> **Instructions to follow**:
Beginning with the top line of the listing below, give again every line up to and including the line with "Springfield Mid-Ohio Show"; pictures do not belong in the copy.

> **Material provided**:

•••

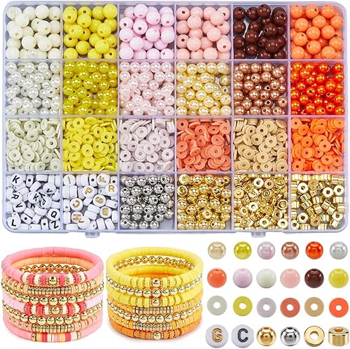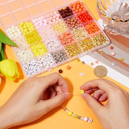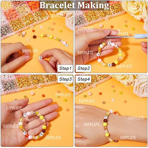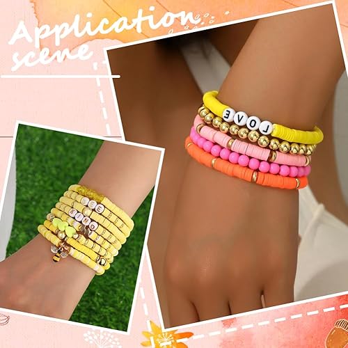 SOFPLATE 1 boîte de 2220 pièces de Kit de Fabrication de Bracelets en Perles D'Argile Kit de Bracelet D'Amitié Perles en Plastique Perles Plates Rondes en Argile Heishi Perles D'Espacement avec Lettre
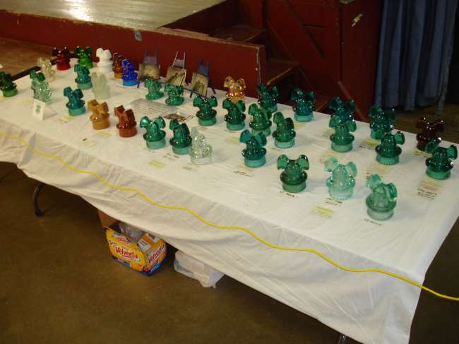 Springfield Mid-Ohio Show Nov. 3-4, 2007 Display of Micky Mouse Insulators by Alan Stastny, note that the power co. even broke the bottoms off so the insulators would fit along the wall for a wire to go verticle.
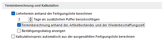 Terminberechnung anhand der Artikelverfügbarkeit - Zusätzlich zur Terminberechnung anhand der Durchlaufzeiten besteht die Option, neben den Durchlaufzeiten auch die Beschaffungszeiten der Verbrauchsartikel in die Terminberechnung einfliessen zu lassen. Hierzu können Sie durch Eingabe in den Mandanteneinstellungen des Fertigungsauftrag die Option Terminberechnung anhand der Artikelverfügbarkeit und der Wiederbeschaffungszeit nutzen.
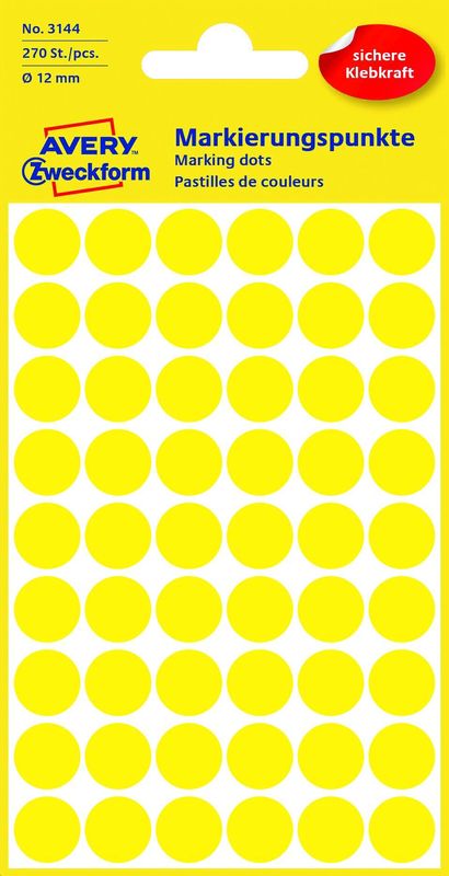 Markierungspunkte Größe: 12 mm Ø Inhalt 270 Stück Farbe gelb, Aus holzfreiem, selbstklebendem Schreibpapier, chlorfrei gebleicht., Preis je Packung, Hersteller: Avery Zweckform®, Herstellernummer: 3144, EAN: 4004182031445

•••

> **Output**:
 SOFPLATE 1 boîte de 2220 pièces de Kit de Fabrication de Bracelets en Perles D'Argile Kit de Bracelet D'Amitié Perles en Plastique Perles Plates Rondes en Argile Heishi Perles D'Espacement avec Lettre
 Springfield Mid-Ohio Show Nov. 3-4, 2007 Display of Micky Mouse Insulators by Alan Stastny, note that the power co. even broke the bottoms off so the insulators would fit along the wall for a wire to go verticle.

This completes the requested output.